I'm taking a Calculus I course online, which has been going pretty well considering that I haven't done much math since I graduated high school 5 years ago. However, I recently ran into a good bit of trouble with the chapter on delta-epsilon proofs. Specifically, my question is about non-linear equations and bounds. Here's the example that I'm working off of:
Prove that $\lim\limits_{x \to -1} {x^2-2x-2} = 1$
So we can apply part of our delta-epsilon definition:
|$(x^2-2x-2)-1$| < $\epsilon$
Simplify:
|$x^2-2x-3$| < $\epsilon$
Factor:
|$(x-3)(x+1)$| < $\epsilon$
Here is where I get confused, because the textbook has no information about this particular problem! I tried to find some help online, and I have found some videos, but I am still not clear on what exactly I need to do next and why. I have read some web pages that talk about "bounding" the variables.

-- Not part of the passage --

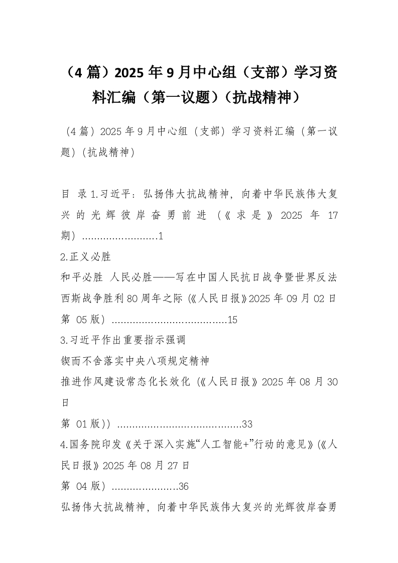 (4篇)2025年9月中心组(支部)学习资料汇编(第一议题)(抗战精神)
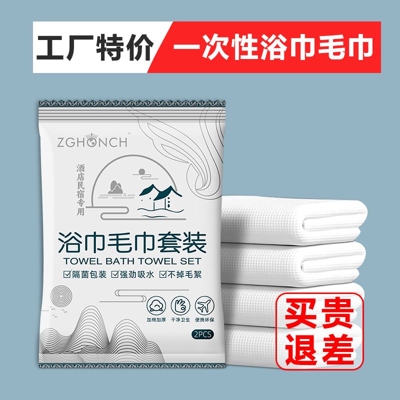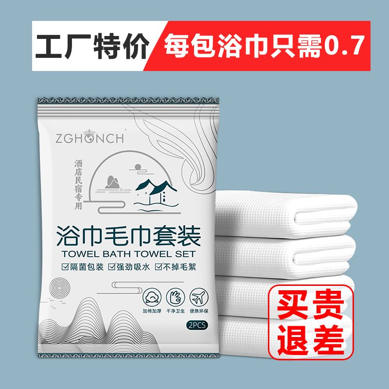 一次性浴巾毛巾套装批发独立包装酒店民宿洗浴待客加厚吸水擦巾干

1) Why do we need to put a bound on these variables? 2) How do we bound them?
Intuition: $x$ being close to $-1$ will give you a bound on $x+1=x-(-1)$. But this in fact also gives you a bound on $x-3$ in the sense that $x-3$ is close to $-1-3=-4$. Say, if $x$ is within $1$ unit from $-1$, then $x-3$ is between $-5$ and $-3$.
Let $\delta=\min\{1,\epsilon/5\}$. Then if $|x-(-1)|<\delta$, then $$ |x+1|<\delta\leq\epsilon/5,\quad|x-3|=|x+1-4|\leq|x+1|+|-4|< 1+4=5. $$ Together, these imply $$ |x-(-1)|<\delta\implies|(x-3)(x+1)|=|x-3|\times|x+1|<5\times(\epsilon/5)=\epsilon. $$